Generation of DMRC-iPSCs
A male patient with DMRC was diagnosed with infantile metabolic acidosis (lactic acidosis) and liver failure (Table 2) and died at 5 months old. The patient had a point mutation in the mitochondrial genome (homoplasmic m.3398T→C)-encoded MTND1 gene (Fig. 1A) (29). Of the 20 iPSC lines established from the patient's fibroblasts, two lines (DMRC-iPSC 13 and DMRC-iPSC 15) were used in this study. The cell lines had the typical morphology of pluripotent stem cells and expressed pluripotency markers at the mRNA (Fig. 1B) and protein (Fig. 1C) levels. The promoter regions of the pluripotent marker genes OCT4, REX1, and NANOG were demethylated (Fig. 1D), representing epigenetic reprogramming. No karyotype abnormality was detected in the iPSC lines (Fig. 1E). EB formation was employed to test the differentiation potential of pluripotent stem cells because EB contains various cell types of three germ layers. Like WT-EBs, DMRC-EBs transcribed three germ layer-related genes (ectoderm, paired box 6 (PAX6), and Zic family member 1 (ZIC1); mesoderm, brachyury (T), and GATA-binding protein 2 (GATA2); endoderm, sex-determining regions Y-Box 17 (SOX17), and forkhead box protein A2 (FOXA2)) (Fig. 1F). In vivo differentiation potential of iPSCs is commonly evaluated by teratoma formation after subcutaneous injection of iPSCs into immunodeficient mice.
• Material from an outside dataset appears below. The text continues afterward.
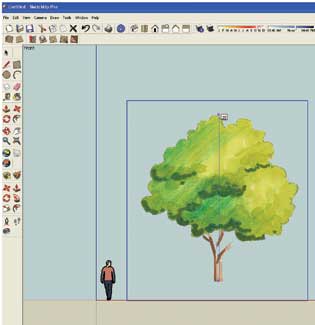 Open a new SketchUp document. The easiest way to place the tree vertically is to first go to Camera and select Parallel Projection, then select the front view from the views toolbar. Bryce, the default guy who shows up at the origin point should be standing on the ground or red axis and he is facing you.
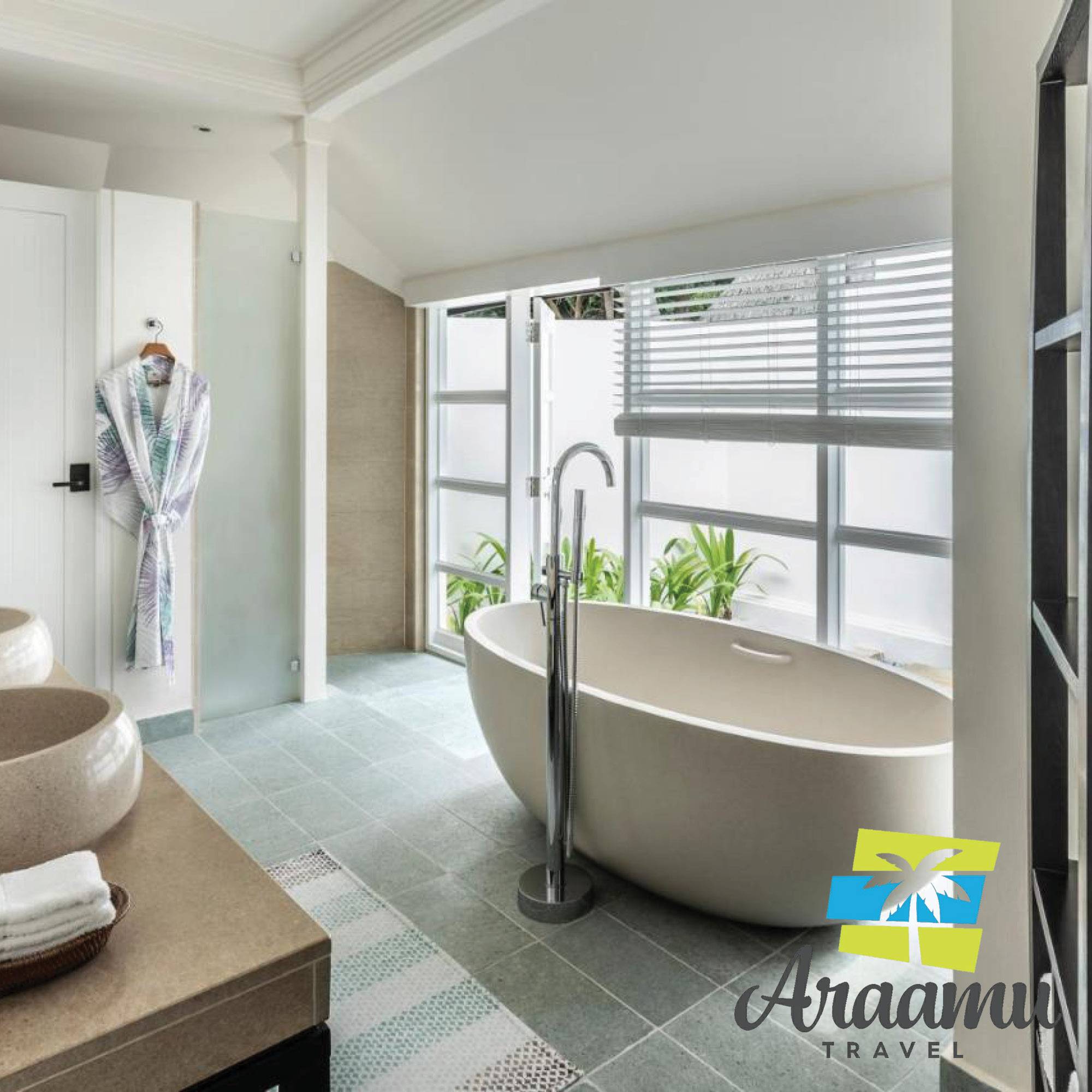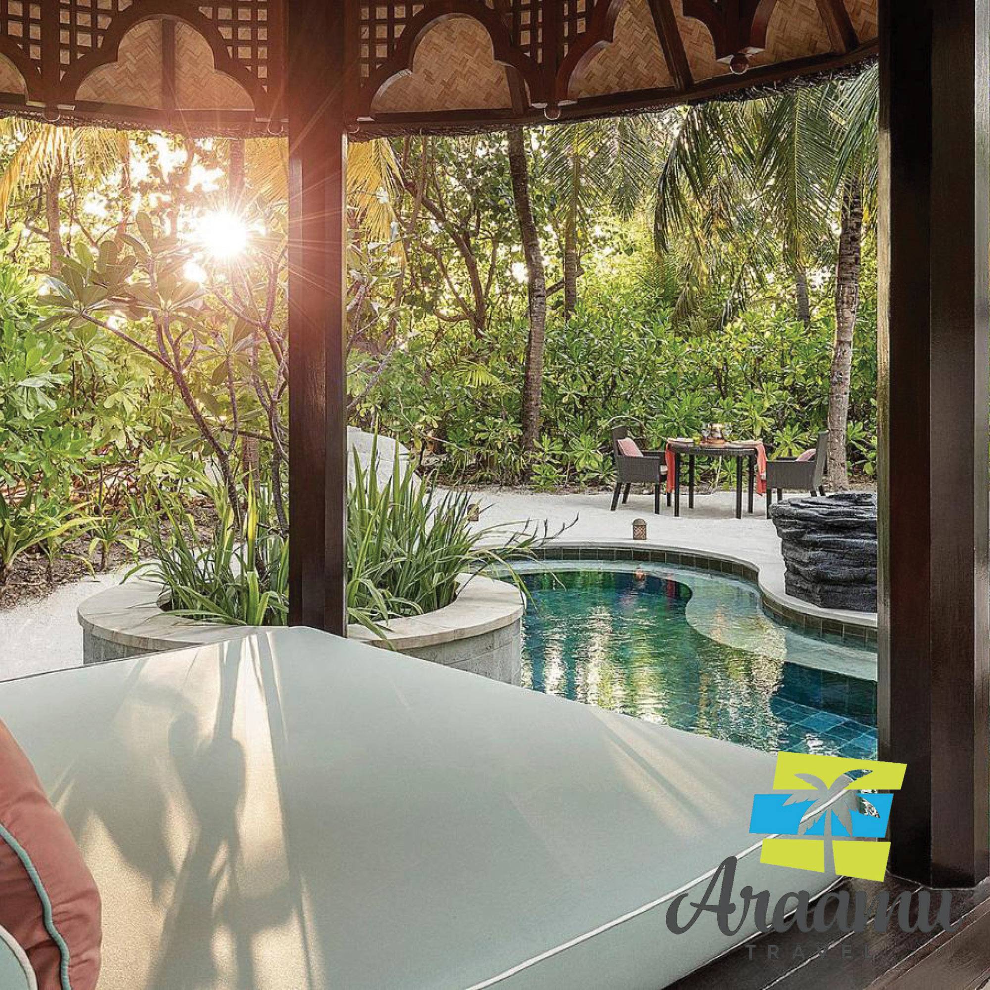 Beach Pavilion medencével (25) kb. 107 nm (kb. 45 nm lakrész): különálló bungalók csupán néhány méterre a tengertől, merülő medencével és árnyékos lugassal (helyi neve: bale), terasz nyugágyakkal és ernyőkkel, valamint szép kilátással a trópusi növényzetre.

Teratomas originated from DMRC-iPSCs contained various tissues of three germ layers (Fig. 1G).
TABLE 2.
Patient characteristics
The following abbreviations are used: AST, aspartate aminotransferase; ALT, alanine aminotransferase; INR, international normalized ratio; PTT, partial thromboplastin time.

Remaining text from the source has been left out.